### [THE PROBLEM]
Could you give back every entry below exactly, with the pictures dropped?

### [Records contained in a dataset]

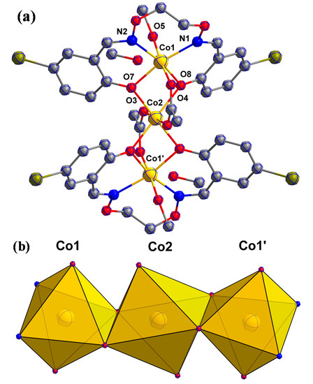 (a) The crystal structure of the Co(II) complex (hydrogen atoms are omitted for clarity, and the atomic symbol only marked the symmetrical part); (b) Coordination polyhedral map of Co(II) atoms.
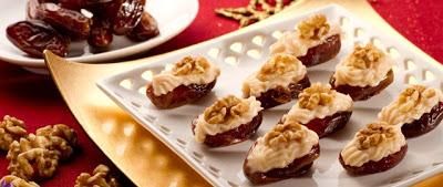 16 Dátiles medianos. 8 Nueces. 100 gr. de Mascarpone 1 cucharadita de Canela en polvo 1 cucharadita de azúcar.Preparación:Colocar en un recipiente el azúcar y el mascarpone, amalgamar hasta obtener una crema uniforme. Añadir el resto de ingredientes y mezclar bien hasta fusionar. Abrir los dátiles cortándolos a la mitad sin despegarlos de un lado para poder posteriormente rellenarlos. En el caso que tengan semilla, retirarlas y rellenar con la crema obtenida con la ayuda de una cuchara pequeña o una manga de repostería. Colocar los dátiles en un plato llano y decorarlos con una nuez al centro.Dejar reposar en la nevera de 3-4h antes de servirlos.
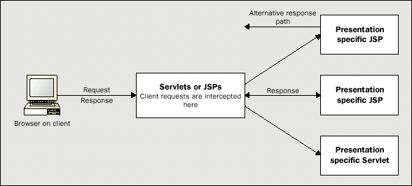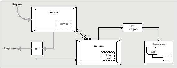 where a Servlet (or JSP) acts as a mediator or controller, delegating
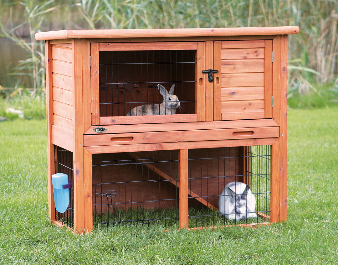 Het TRIXIE Natura kleindierhok met ren voor konijnen en cavia's is gemaakt van gebeitst grenenhout. Het hok is voorzien van een gepoedercoat metalen traliewerk en heeft een openklapbaar bitumen dak. Het hok bestaat uit twee verdiepingen. Op de bovenste verdieping zit een open loopgedeelte en een beschut nachthokje waar jouw konijn of cavia kan schuilen.
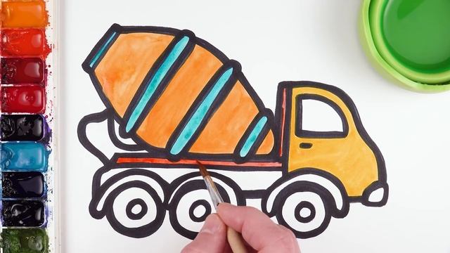 Нарисуй и раскрась машину бетоновоз \\ Рисование для мальчиков! Давайте рисовать вместе!
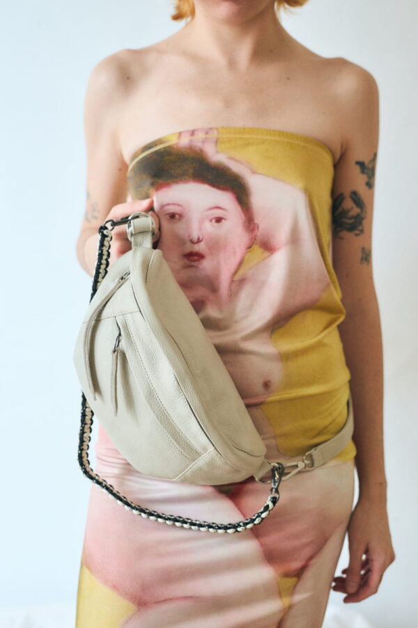 Crafted in soft leather with an adjustable strap for maximum comfort. Front, back, and interior pockets for impeccable organization. Cotton lining with Shipibo print. Handwoven adornment, removable for personalized style. Lightweight and functional for your daily adventures!
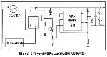 所以它是LED照明常用方法,見(jiàn)圖1(b)所示可控硅調(diào)光器與LED驅(qū)動(dòng)器配合架構(gòu)示意。
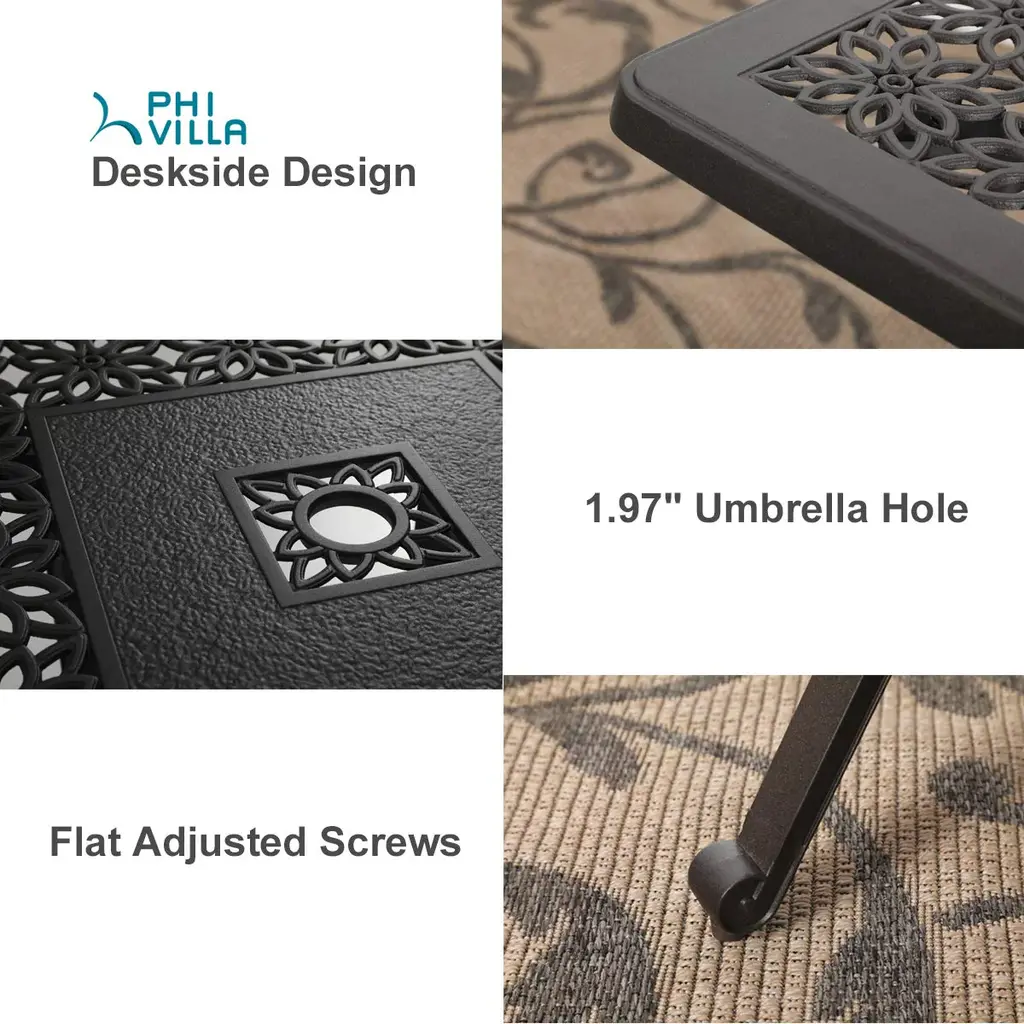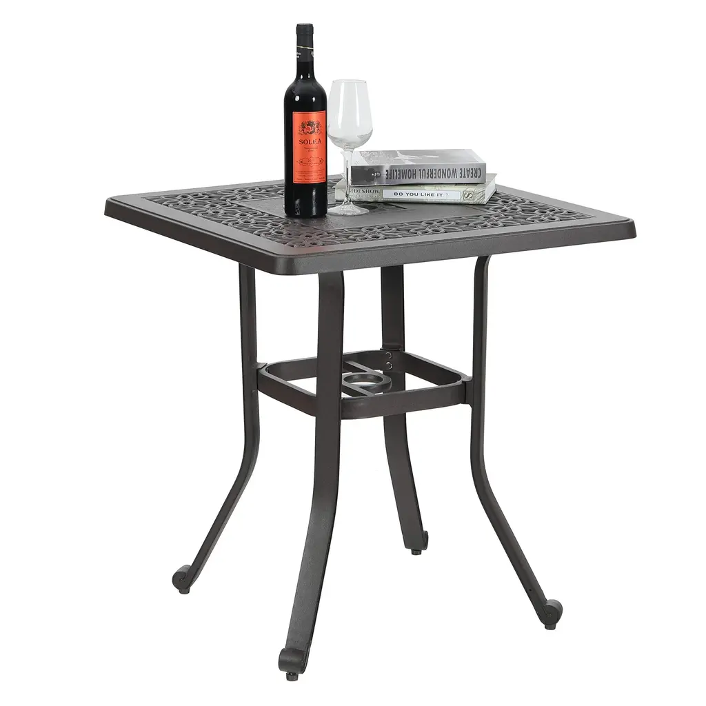 Mfstudio Patio Cast Aluminum Bistro Square Dining Table With Umbrella Hole
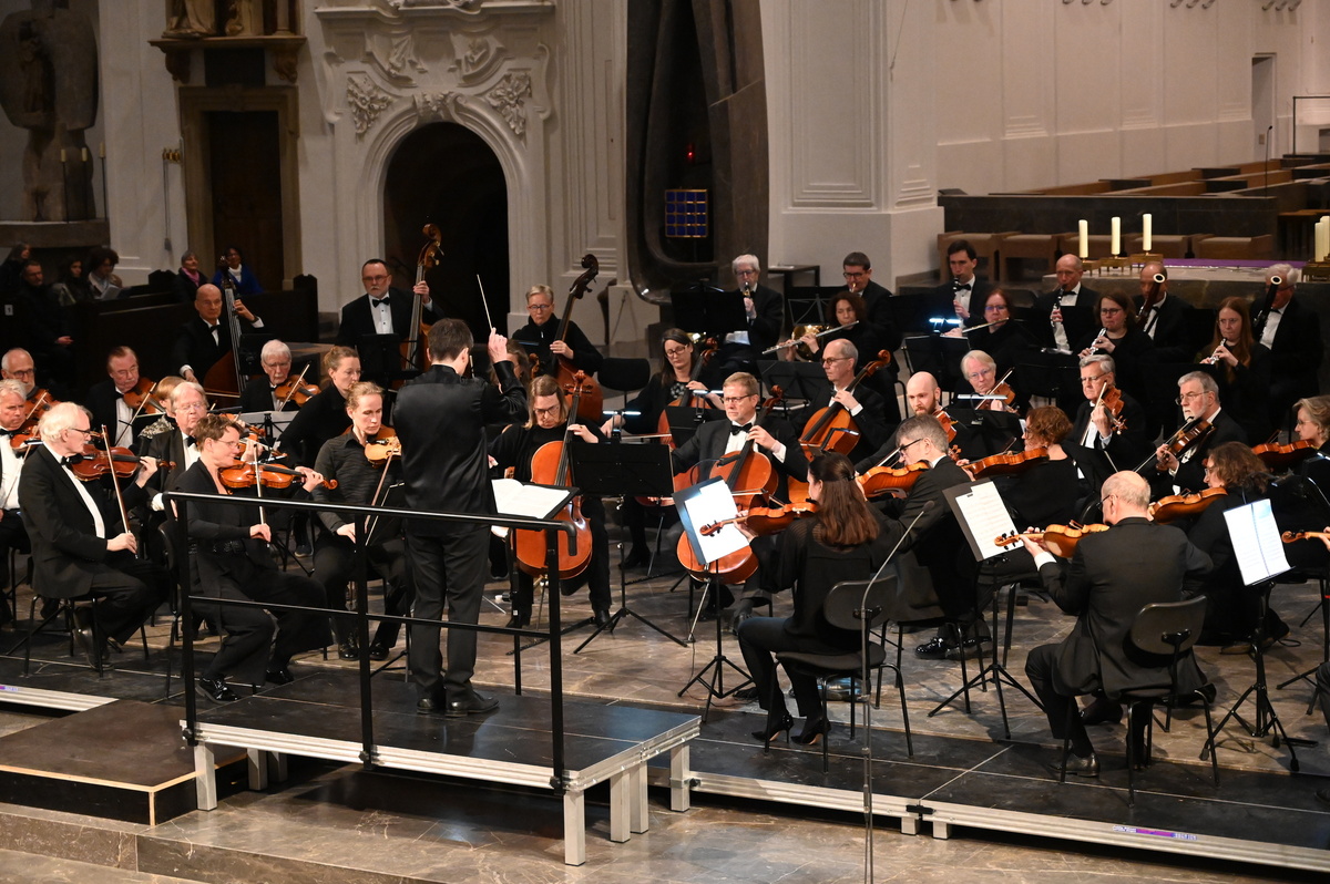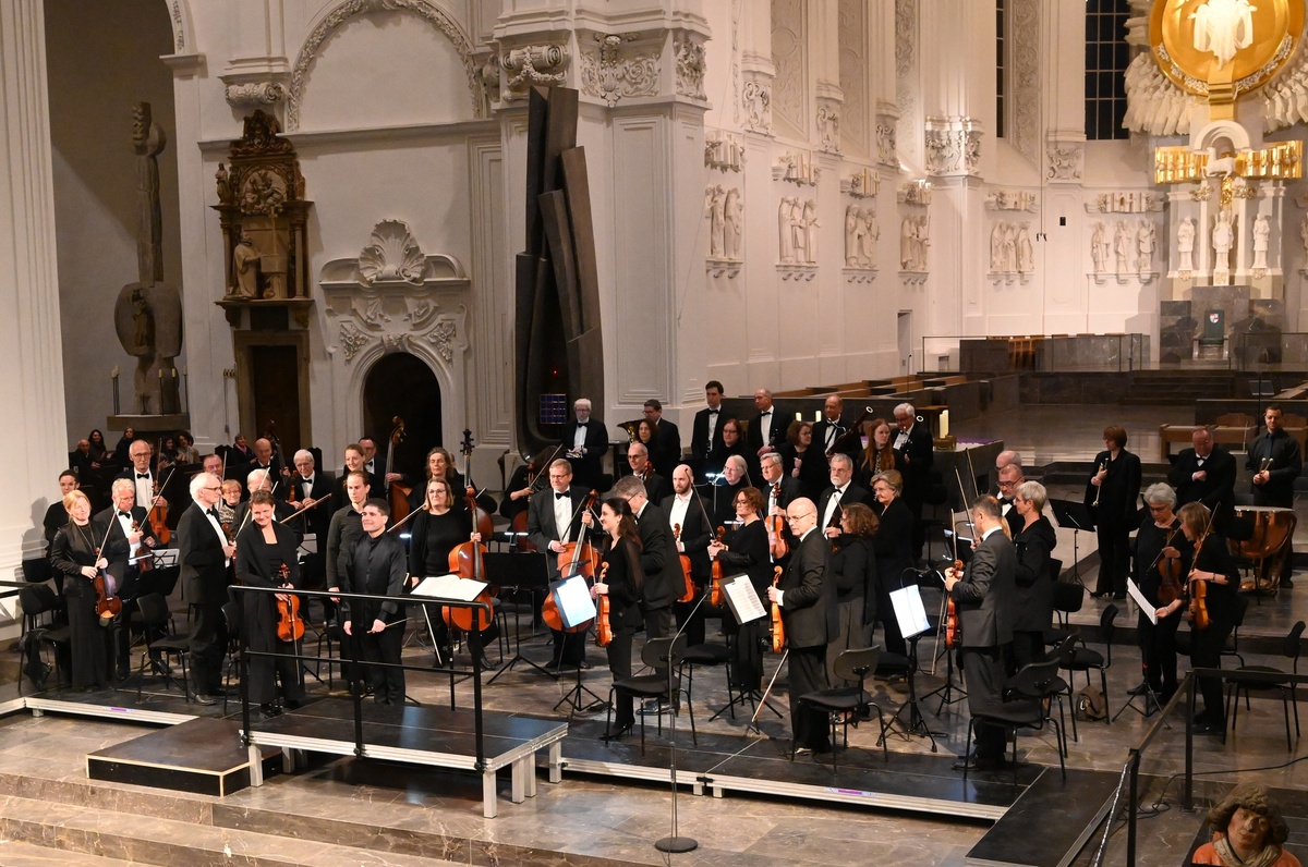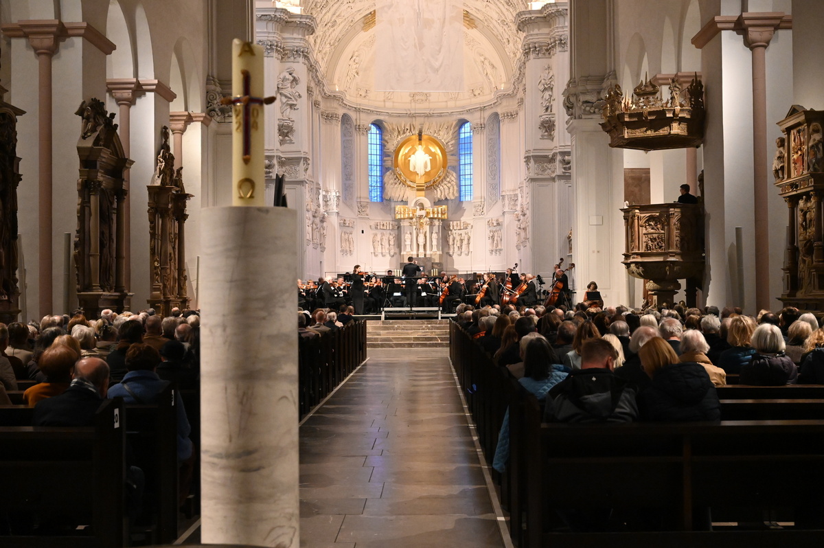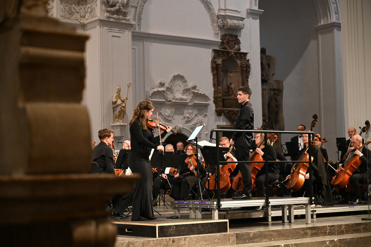 Im Kiliansdom lauschten die etwa 500 Konzertbesucherinnen und -besucher folglich Ludwig van Beethovens Konzert für Violine und Orchester in D-Dur, mit Ruth Elisabeth Müller an der Violine, sowie Joseph Haydns Sinfonie Nr. 104 in D-Dur. Der kräftige und langanhaltende Applaus am Ende brachte zum Ausdruck, wie sehr das hervorragende Spiel der Musikerinnen und Musiker dem Publikum gefallen hatte.
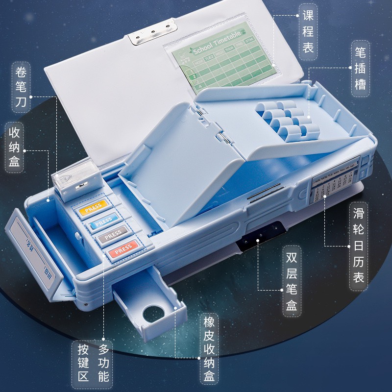 Hộp bút nhỏ gọn mà có sức chứa lớn, có ngăn đựng kéo, tẩy, gọt bút, thước, băng dính riêng rất tiện lợi và ngăn nắp.
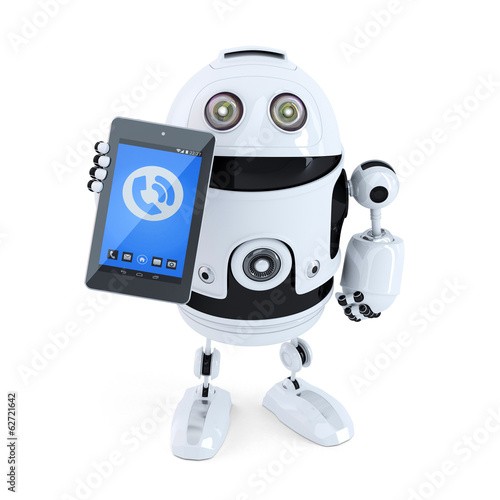 © kirill_makarov, Fototapeta premium Robotic holding ringing mobile phone or tablet

### [WRITTEN RESPONSE]
 (a) The crystal structure of the Co(II) complex (hydrogen atoms are omitted for clarity, and the atomic symbol only marked the symmetrical part); (b) Coordination polyhedral map of Co(II) atoms.
 16 Dátiles medianos. 8 Nueces. 100 gr. de Mascarpone 1 cucharadita de Canela en polvo 1 cucharadita de azúcar.Preparación:Colocar en un recipiente el azúcar y el mascarpone, amalgamar hasta obtener una crema uniforme. Añadir el resto de ingredientes y mezclar bien hasta fusionar. Abrir los dátiles cortándolos a la mitad sin despegarlos de un lado para poder posteriormente rellenarlos. En el caso que tengan semilla, retirarlas y rellenar con la crema obtenida con la ayuda de una cuchara pequeña o una manga de repostería. Colocar los dátiles en un plato llano y decorarlos con una nuez al centro.Dejar reposar en la nevera de 3-4h antes de servirlos.
 where a Servlet (or JSP) acts as a mediator or controller, delegating
 Het TRIXIE Natura kleindierhok met ren voor konijnen en cavia's is gemaakt van gebeitst grenenhout. Het hok is voorzien van een gepoedercoat metalen traliewerk en heeft een openklapbaar bitumen dak. Het hok bestaat uit twee verdiepingen. Op de bovenste verdieping zit een open loopgedeelte en een beschut nachthokje waar jouw konijn of cavia kan schuilen.
 Нарисуй и раскрась машину бетоновоз \\ Рисование для мальчиков! Давайте рисовать вместе!
 Crafted in soft leather with an adjustable strap for maximum comfort. Front, back, and interior pockets for impeccable organization. Cotton lining with Shipibo print. Handwoven adornment, removable for personalized style. Lightweight and functional for your daily adventures!
 所以它是LED照明常用方法,見(jiàn)圖1(b)所示可控硅調(diào)光器與LED驅(qū)動(dòng)器配合架構(gòu)示意。
 Mfstudio Patio Cast Aluminum Bistro Square Dining Table With Umbrella Hole
 Im Kiliansdom lauschten die etwa 500 Konzertbesucherinnen und -besucher folglich Ludwig van Beethovens Konzert für Violine und Orchester in D-Dur, mit Ruth Elisabeth Müller an der Violine, sowie Joseph Haydns Sinfonie Nr. 104 in D-Dur. Der kräftige und langanhaltende Applaus am Ende brachte zum Ausdruck, wie sehr das hervorragende Spiel der Musikerinnen und Musiker dem Publikum gefallen hatte.
 Hộp bút nhỏ gọn mà có sức chứa lớn, có ngăn đựng kéo, tẩy, gọt bút, thước, băng dính riêng rất tiện lợi và ngăn nắp.
 © kirill_makarov, Fototapeta premium Robotic holding ringing mobile phone or tablet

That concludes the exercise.